The real allies of Israel, therefore, should first and foremost warn Jerusalem that it should act with self-restraint in the current conflict because it is in its best long-term interest. It does not want to find itself trapped between two fronts (with Hezbollah to the north) and it should not raise suspicious of heading towards a new Nakba. To avoid these dangers, Israel should spare innocent lives, renouncing on technology to bet on human understanding, meaning combat units’ ability to extricate themselves in Gaza’s maze of rubble drawing a difference between Hamas militants and common people, even if at a higher cost of soldiers’ lives. It might be that Gantz’s inclusion in the government and the extra time taken by the IDF to launch the ground invasion are signals of an intention to design a better military operation capable of sparing the maximum number of civilian lives, while still achieving Israel’s military objectives.

Nonetheless, it is with deep sadness that this tragic set of war events unfolds, as this could have been avoided. Once there was the “peace process” that did not work and that came to a stall after Netanyahu’s rise to power and with his stifling of the Oslo Accords since 1996. It was easily forgotten thereafter by all countries, mumbling about a “two-state solution” without pressuring Israel to stop its creeping colonization and its 16-year blockade enforced on the Gaza Strip.

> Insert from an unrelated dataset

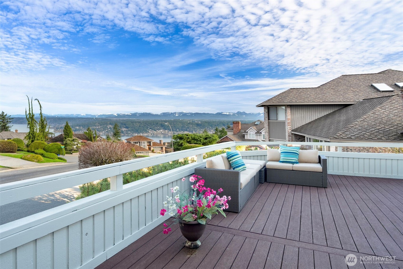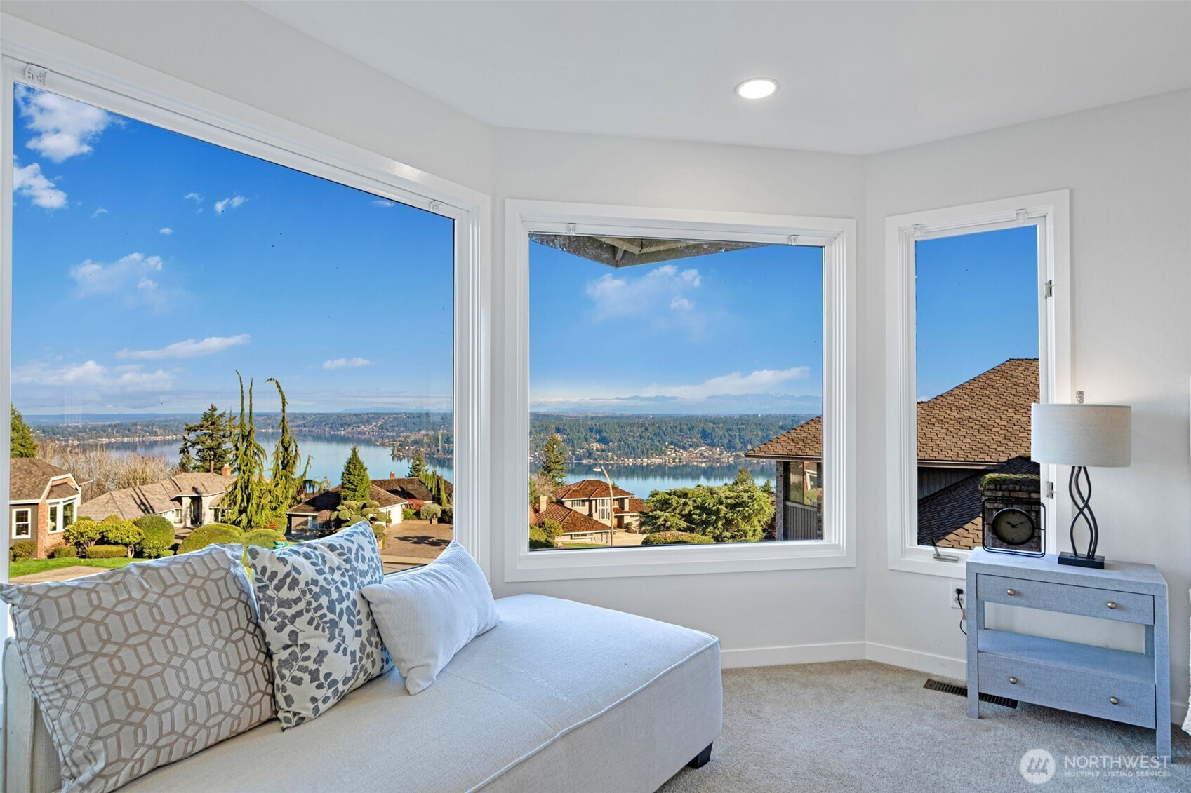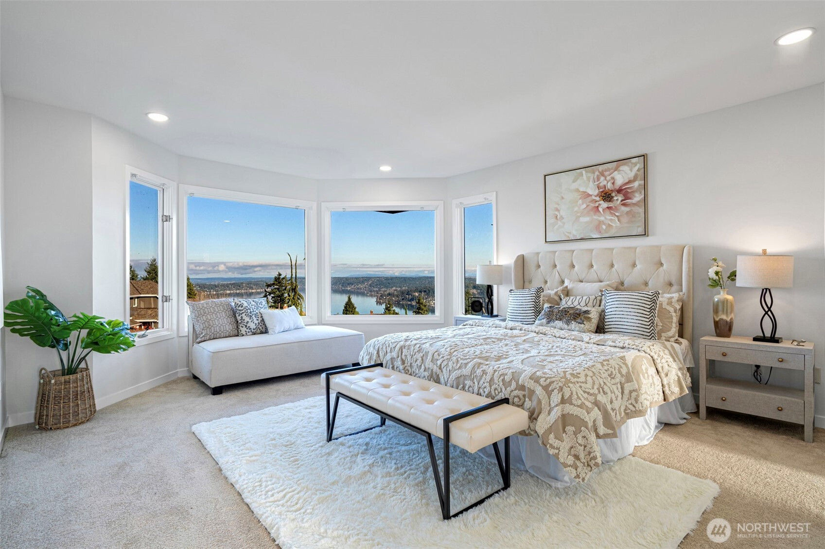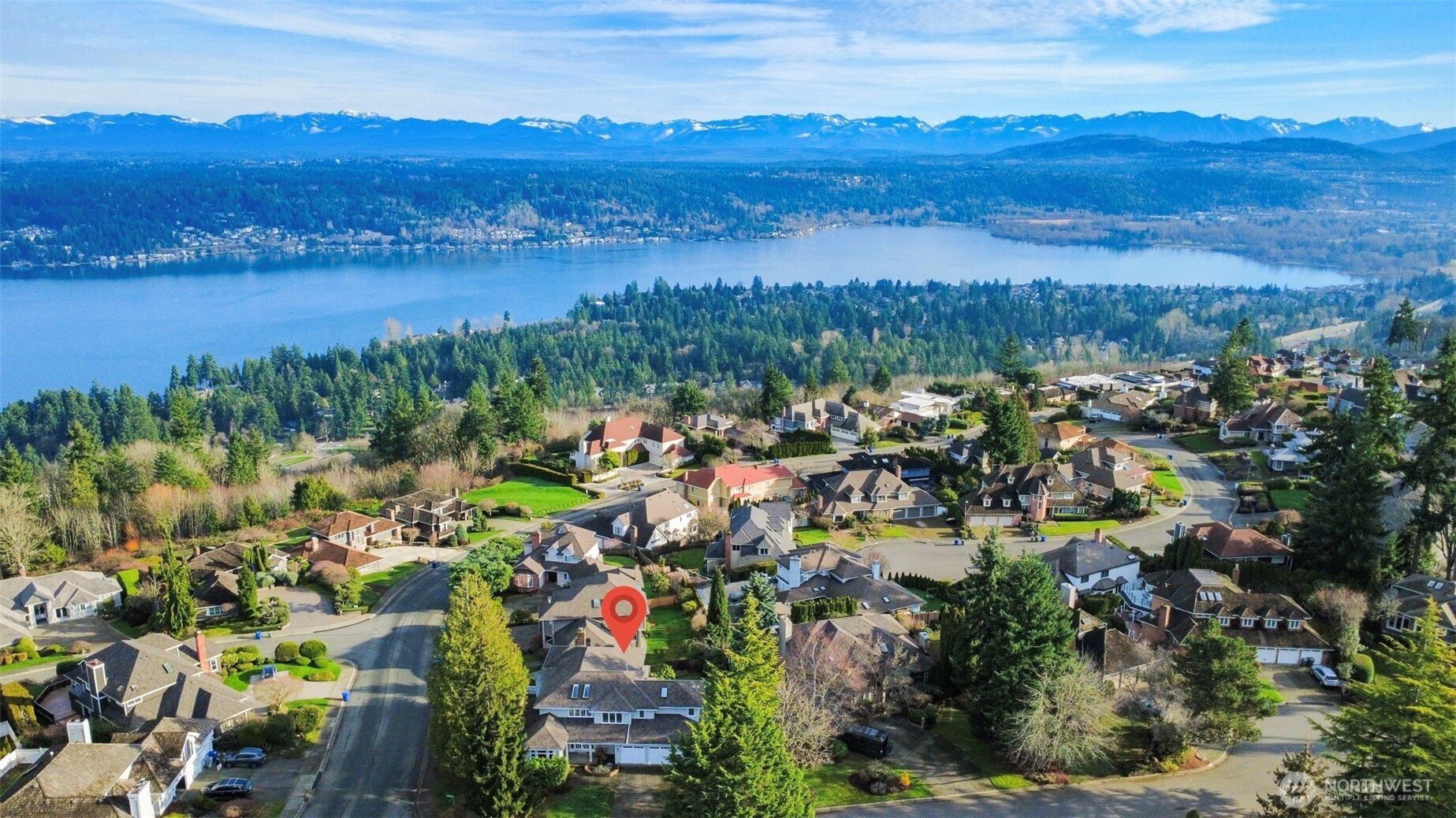 Stunning 180-degree panoramic views of Lake Sammamish, Mt. Baker and the Cascade Mountains define this elegant two-story Lakemont home in the sought-after Vuemont community. Enjoy breathtaking scenery from multiple living spaces and the backyard, offering a rare blend of privacy and views. The bright, open floor plan is designed for both everyday living and entertaining, featuring a chef’s kitchen with bar seating and abundant natural light. The dramatic high-ceiling living room flows seamlessly to a large view deck, perfect for gatherings or quiet evenings overlooking the landscape.The home offers 4 bedrooms and 3.25 baths, including a flexible main-floor office/den with a nearby shower, ideal for guests or multi-generational living. Upstairs features a spacious primary suite with walk-in closet, additional bedrooms and a generous bonus room providing excellent separation of space. Recent updates include a new roof (2023), fresh interior and exterior paint, updated bathrooms, refinished hardwood floors and new carpet, offering true move-in-ready peace of mind.Situated on a corner lot near a quiet cul-de-sac, the 10,091 sq ft lot includes a scenic backyard with views and excellent usability. Exceptional location close to top-rated schools, neighborhood parks, shopping, dining, trails and year-round recreation, combining comfort, convenience and long-term value in one of Lakemont’s most desirable neighborhoods.

The so-called peace process did not come to a halt because the differences between the two sides were too great. It ended because Israel felt unbeatable thanks to its military supremacy and, therefore, had no need to come to terms with its weaker partner, the Palestinians. Slowly, over time, the international community forgot about the Palestinian question and removed its aspiration to self-determination from the international agenda.

The result was not only another round of Gaza-Israeli hostilities, but the bloody war we now are helplessly witnessing that is able to ignite new tensions across the whole region and beyond. It is a reminder that the only political solution is one that considers the Palestinian people’s right to independence, to enjoy a safe and free space of their own, or else to the granting of full political, economic, and social individual rights in one state called Israel.